Alla domanda su qual è l’insegnamento più importante che suo padre lascia alle nuove generazioni, il figlio Federico Manzella risponde: “La lezione è semplice: dire sempre la verità, cercare di capire cosa accade ed instaurare un rapporto di lealtà nei confronti del lettore, oltre che verso l’editore ed il proprio Paese.

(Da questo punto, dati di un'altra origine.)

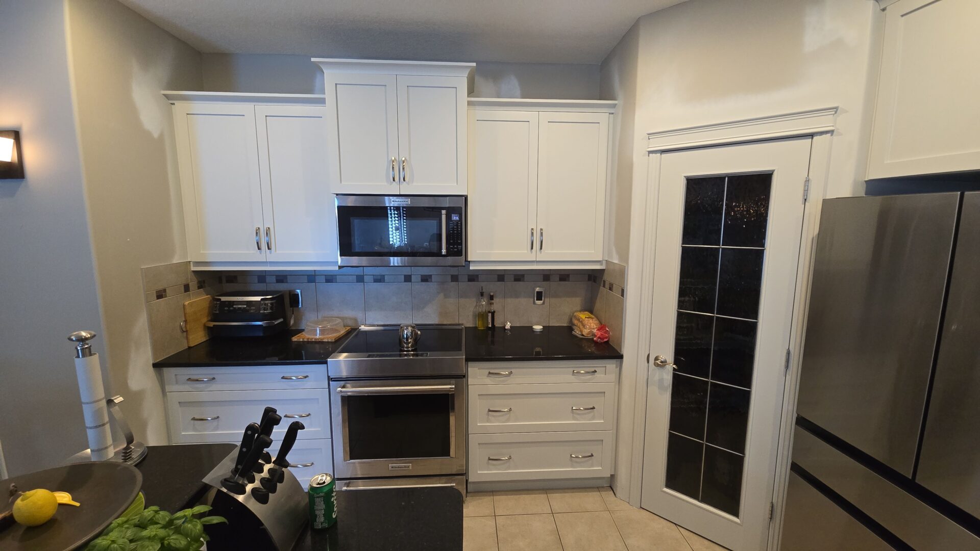 The homeowner achieved a bright, clean, and modern interior that perfectly matched their new flooring and countertops. The updated colours made the home feel refreshed and cohesive, while the professional spray finishes delivered a sharp, high-end appearance. The transformation helped elevate the entire space without the cost or disruption of replacing cabinets or woodwork.

Il giornalismo dell’epoca era un mestiere duro. Ricordo che una volta mio padre doveva raggiungere Teheran; non c’erano voli e dovette passare insieme a Bernardo Valli diversi giorni in automobile. Pur di arrivare sul luogo, vedere e raccontare con i propri occhi ciò che succedeva sul posto, mio padre dormì in una moschea, in automobile, al freddo senza comfort. Un altro insegnamento è parlare dei fatti trattando allo stesso modo i capi di Stato e gli umili”.

 

Di Igor Man rimangono anche dei libri: resoconti di viaggio, reportage politici e racconti. Nella raccolta di storie dal titolo  “Il professore e le melanzane”,  c’è anche il racconto in cui il giornalista narra le ultime ore di vita della madre, Elfride Neuscheler, una nobildonna russa, rifugiatasi in Italia dopo la rivoluzione russa del 1917, poi morta prematuramente di cancro. In queste pagine, commoventi ed intense, Goriunka  – questo il vezzeggiativo affettuoso con cui lo chiamava la madre – riesce davvero a toccare il cuore del lettore,  evidenziando ancora una volta il suo elevato spessore di cronista e di uomo.